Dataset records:
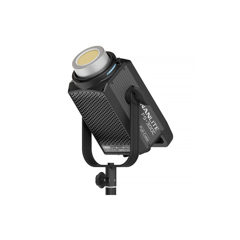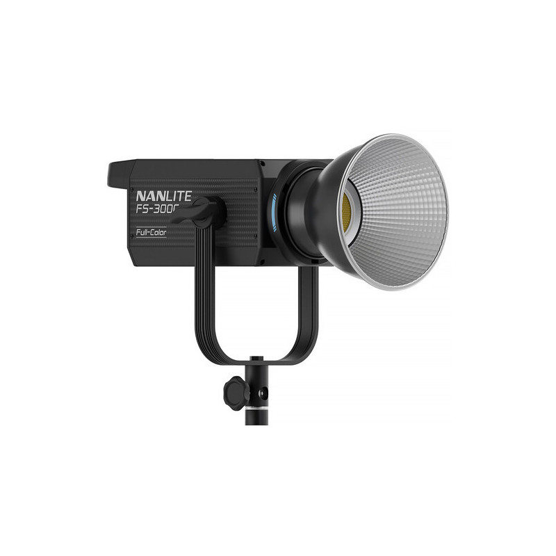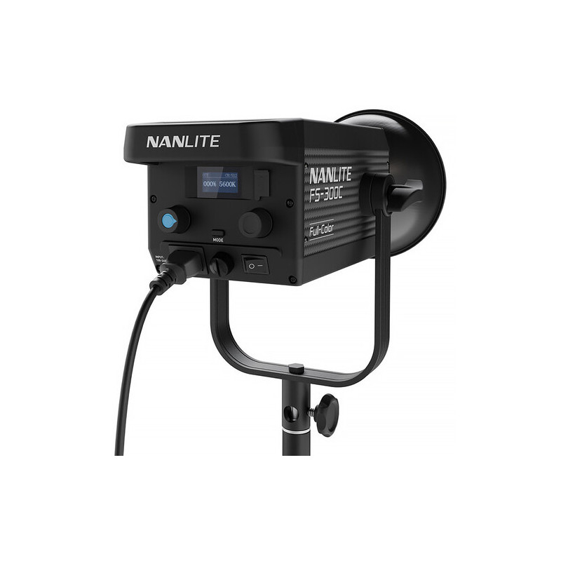 The Nanlite FS-300C RGBWW AC LED Monolight uses a large LED area and provides up to 34,200 Lux at 5600K at 1m with the included 55° reflector, as well as a smooth and even light distribution without hot spots when used in a softbox. It also has advanced functions: maximum output mode (provides full output power) and constant output mode (maintains constant intensity across the CCT range).
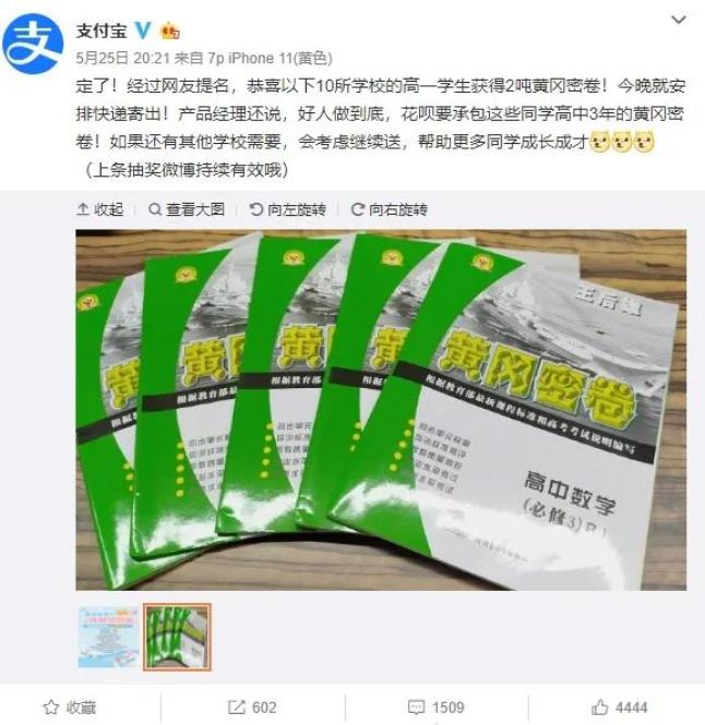 前段時間,支付寶發(fā)布了學(xué)雜費支持分期的微博,評論里有家長在呼喚學(xué)習(xí)資料,所以花唄產(chǎn)品經(jīng)理決定除了學(xué)雜費分期,再買2噸黃岡密卷送人。
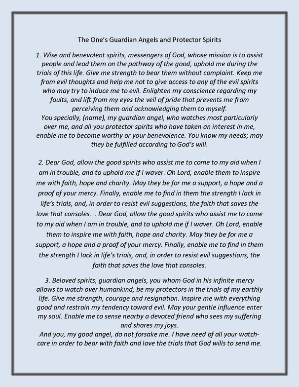 PRAYERS FOR THE GUARDIAN ANGELS AND PROTECTOR SPIRITS
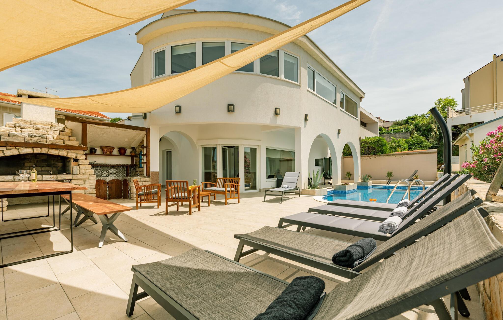Dette moderne indrettede feriehus med pool ligger lige i nærheden af stranden.
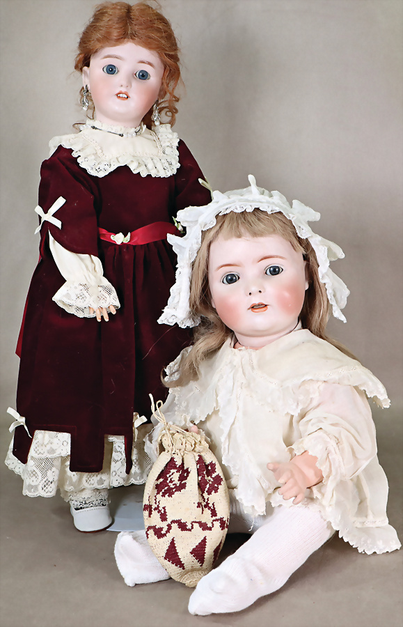 Konv. Puppen, Bergmann, SIMON & HALBIG, 7½, Porzellankopf-Puppe, 50 cm, Kurbelkopf, blaue Schlafaugen, off. Mund, oben Zähne, durchst. Ohren, Gliederkörper, Farbabweichung an den Händen, Kleidung u. Perücke neuer, ALT, BECK & GOTTSCHALK, 1367 45, Charakter-Baby, braune Schlafaugen, durchst. Nasenlöcher, off. Mund, Zähne u. Zunge, Sitzbaby-Körper, Echthaar-Perücke, Kleberreste am Kopfrand augenscheinlich keine Risse erkennbar, kann nicht richtig ausgeleuchtet werden
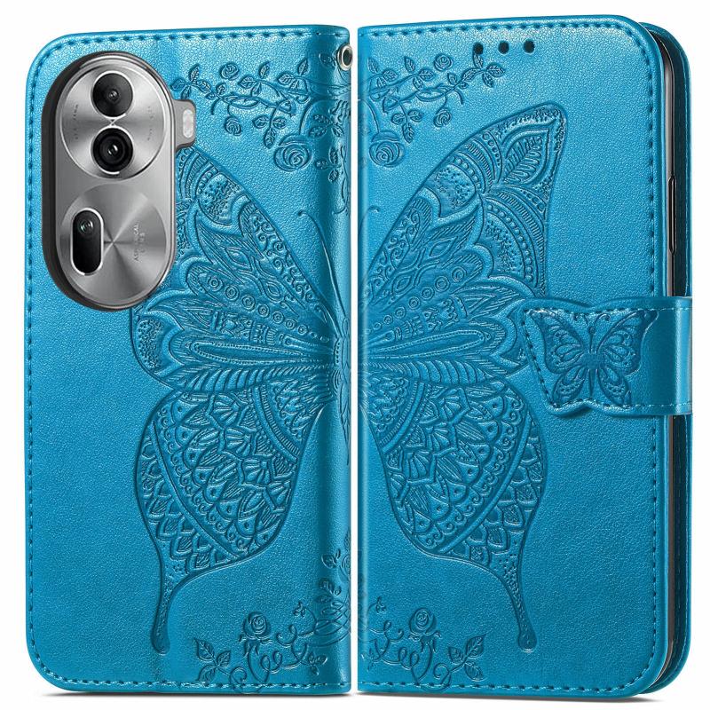 For OPPO Reno11 Pro EU Butterfly Love Flower Embossed Leather Phone Case(Blue)
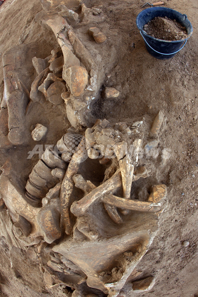 写真は、シャン・シュル・マルヌの発掘現場で撮影されたマンモスの骨(2012年11月6日撮影)。(c)AFP/LOIC VENANCE

__TASK REQUIREMENTS__.
Beginning with the first line of the entries above, repeat each line word for word until the line with "Dette moderne indrettede" has been given too. Omit the pictures.

__OUTPUT BELOW__.
 The Nanlite FS-300C RGBWW AC LED Monolight uses a large LED area and provides up to 34,200 Lux at 5600K at 1m with the included 55° reflector, as well as a smooth and even light distribution without hot spots when used in a softbox. It also has advanced functions: maximum output mode (provides full output power) and constant output mode (maintains constant intensity across the CCT range).
 前段時間,支付寶發(fā)布了學(xué)雜費支持分期的微博,評論里有家長在呼喚學(xué)習(xí)資料,所以花唄產(chǎn)品經(jīng)理決定除了學(xué)雜費分期,再買2噸黃岡密卷送人。
 PRAYERS FOR THE GUARDIAN ANGELS AND PROTECTOR SPIRITS
Dette moderne indrettede feriehus med pool ligger lige i nærheden af stranden.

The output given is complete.